Background: For over 2 decades, oncology nurses at a regional comprehensive cancer center offered sliced oranges to patients during the reinfusion of autologous hematopoietic progenitor cells (HPCs) to relieve symptoms associated with the preservative dimethyl sulfoxide (DMSO). Objective: This randomized pilot study examined feasibility and efficacy of sliced orange intervention (OI), orange aromatherapy intervention (OAI), or deep breathing (control) to address unpleasant adverse effects during HPC infusion. Methods: Orange intervention sniffed or tasted a quartered orange, OAI sniffed orange aromatherapy, and control took deep breaths. Perceived "symptom intensity" for tickle/cough urge, nausea, retching, and perceived "relief" were measured on 0- to 10-point numerical scales. Results: Sixty of 72 eligible patients consented to participate and were randomized to OI (n = 19), OAI (n = 23), or control (n = 18). Study personnel successfully administered study procedures. Over the course of 2 bags of cells infused, the OI group reported significantly greater relief with the intervention (P = .032). Among participants less than 90 kg, OI group reported significantly lower symptom intensity (P = .012). Conclusions: Results suggest a feasible protocol and potential efficacy of sliced oranges for treating symptoms associated with DMSO-preserved stem cells. Study procedures provide a tested protocol for future studies. Follow-up study is warranted to confirm these findings and evaluate other treatment options. Implications for Practice: Oranges offer a simple, noninvasive intervention for relieving symptoms associated with DMSO preservative during autologous HPC infusion.

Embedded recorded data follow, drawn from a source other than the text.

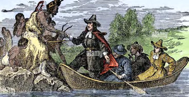 Roger Williams founded what we now call Rhode Island when he was exiled from the Massachusetts colony in 1635. He stumbled upon land which now is Providence. He is often seen in representation as being welcomed by the indigenous peoples, however with continued pressures from the colonies the native tribes were forced to sign treaties that led to King Philip’s War. In the late 1630s, a deed was agreed upon by the local sachems, Canonicus and Miantonomi, giving land to Williams. The deed overtime was interpreted in different ways and forged, granting more land than originally agreed upon. Since the deed used European standards of land ownership unknown to the Indigenous peoples, it remains evident the land was meant to be roamable to Williams, not owned. Today this land is where Brown University is found.
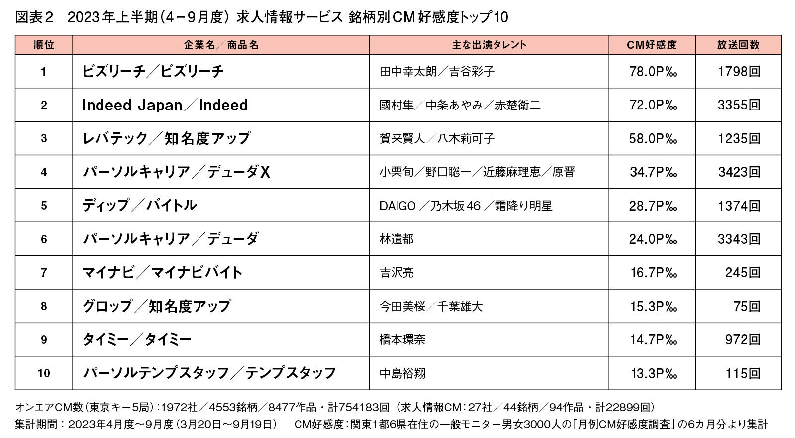 ハイクラス転職を中心に求人CMの放送回数が過去最多 今年上半期CM好感度でビズリーチが業界No.1 転職はポジティブな選択肢へ
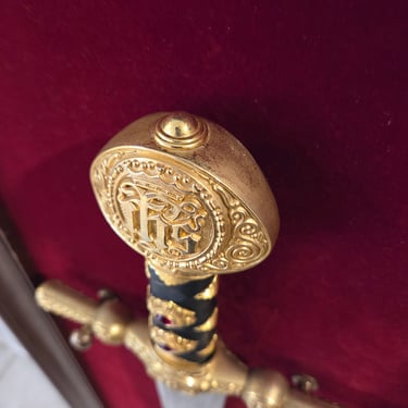 It is the Franklin Mint "Sword of the Holy Roman Empire." This isn't just a piece of steel; it’s a full-scale, 41-inch masterwork of religious iconography. Produced in collaboration with the legendary Marto bladesmiths of Toledo, Spain, this sword is a time capsule of high-end collectible culture.
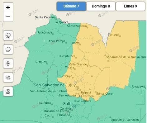 El Servicio Meteorológico Nacional emitió alerta amarilla para este sábado, hasta la tarde, en las zonas de El Carmen – Ledesma – Palpalá – San Antonio – San Pedro – Santa Bárbara – Valle Grande – Zona baja de Doctor Manuel Belgrano – Zona baja de Tilcara y Zona montañosa de Doctor Manuel Belgrano – Zona montañosa de Humahuaca – Zona montañosa de Tilcara – Zona montañosa de Tumbaya.
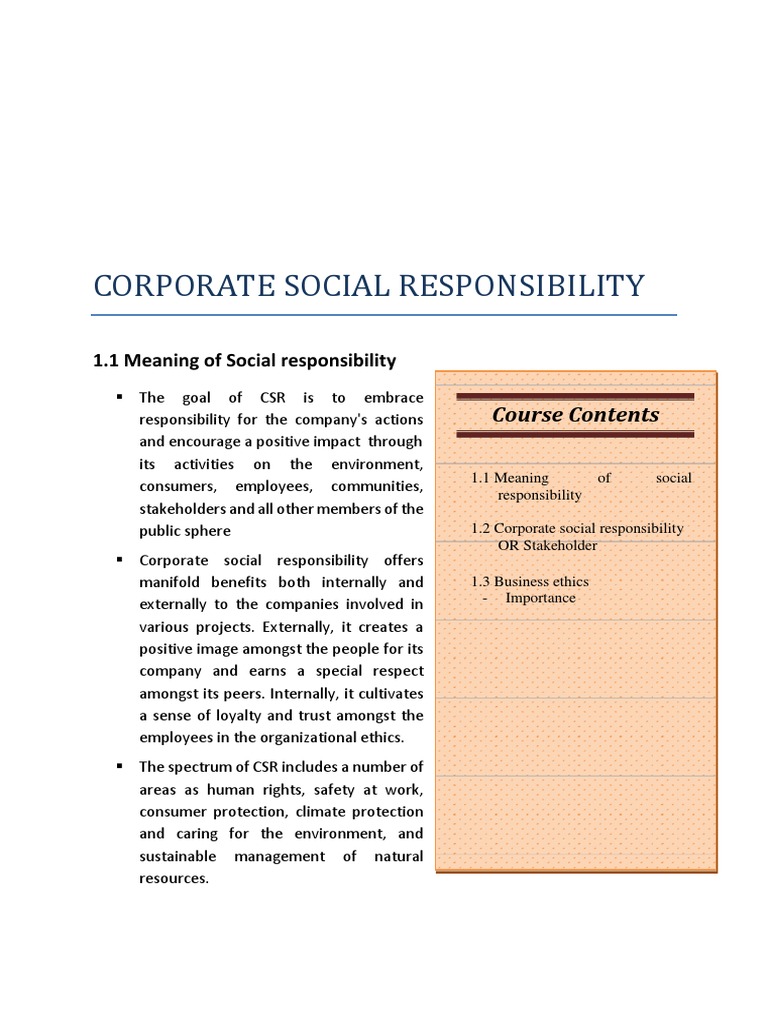 responsibility for the company's actions Course Contents
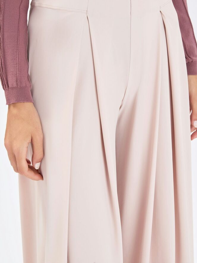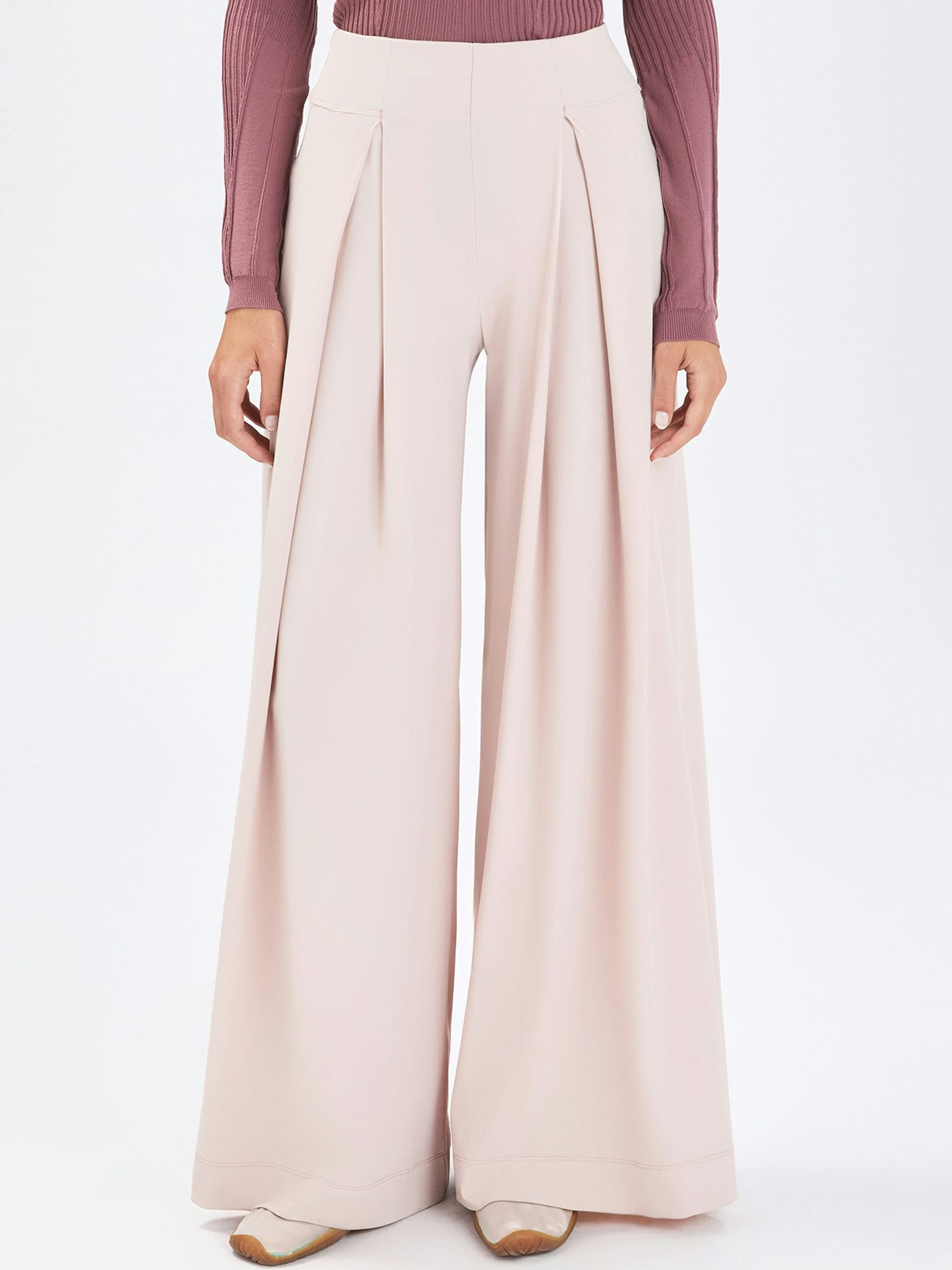 Wide-leg trousers by High in a soft nude shade. The waistband features an elastic band for a comfortable fit. Two pleats below the waist create an elegant and fluid drape. These trousers can be washed at 30 degrees.

Autologous Hematopoietic Stem Cell Transplantation

Autologous hematopoietic stem cell (HPC) transplantation is a process in which stem cells are collected from a patient, cryopreserved in liquid nitrogen, and then reinfused after myeloablative chemotherapy. Although bone marrow has historically been the stem cell source, mobilized peripheral blood stem cells are now used in more than 95% of adult autologous transplants. Worldwide, 28 901 autologous transplants were performed at 1327 registered centers in 2006, more than onethird (10 348) in the Americas.[1] Autologous HPC transplantation is a viable treatment option for selected patients with lymphoma, multiple myeloma, leukemia, and autoimmune diseases.[2]

Dimethyl sulfoxide (DMSO) is commonly used as a cryoprotectant for hematopoietic progenitor cells (HPCs).[3,4] A byproduct of the paper manufacturing industry, the agent is soluble in both aqueous and organic media and allows viable cryopreservation of cells for a prolonged period.[5–7] Although concentrations vary depending on transplant center, a 10% volume-per-volume solution of DMSO is commonly used.[3]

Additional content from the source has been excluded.